Task data -
Content starts

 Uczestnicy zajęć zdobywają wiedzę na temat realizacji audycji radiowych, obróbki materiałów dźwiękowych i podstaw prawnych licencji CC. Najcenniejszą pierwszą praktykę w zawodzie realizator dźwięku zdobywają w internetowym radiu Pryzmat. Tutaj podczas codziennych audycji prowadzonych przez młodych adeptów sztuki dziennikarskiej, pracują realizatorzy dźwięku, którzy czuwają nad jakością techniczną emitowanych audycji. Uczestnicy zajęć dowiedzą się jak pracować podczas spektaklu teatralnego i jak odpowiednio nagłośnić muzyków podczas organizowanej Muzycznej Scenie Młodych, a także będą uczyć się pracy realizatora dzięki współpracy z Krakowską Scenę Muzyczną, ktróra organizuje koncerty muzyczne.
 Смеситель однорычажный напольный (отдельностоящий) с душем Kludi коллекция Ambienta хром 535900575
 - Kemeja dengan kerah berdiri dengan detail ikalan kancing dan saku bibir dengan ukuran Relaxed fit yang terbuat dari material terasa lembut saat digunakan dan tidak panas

Content ends
Content starts

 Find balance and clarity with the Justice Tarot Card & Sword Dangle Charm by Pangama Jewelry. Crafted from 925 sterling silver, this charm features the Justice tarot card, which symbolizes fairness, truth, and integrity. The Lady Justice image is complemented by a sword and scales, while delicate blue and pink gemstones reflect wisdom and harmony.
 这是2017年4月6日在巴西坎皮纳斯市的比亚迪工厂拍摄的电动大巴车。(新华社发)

Content ends

Required action -
Reproduce the lines above, beginning at the line with "Смеситель однорычажный напольный" and stopping after the line with "- Kemeja dengan", exactly as they are.

Answer section -
 Смеситель однорычажный напольный (отдельностоящий) с душем Kludi коллекция Ambienta хром 535900575
 - Kemeja dengan kerah berdiri dengan detail ikalan kancing dan saku bibir dengan ukuran Relaxed fit yang terbuat dari material terasa lembut saat digunakan dan tidak panas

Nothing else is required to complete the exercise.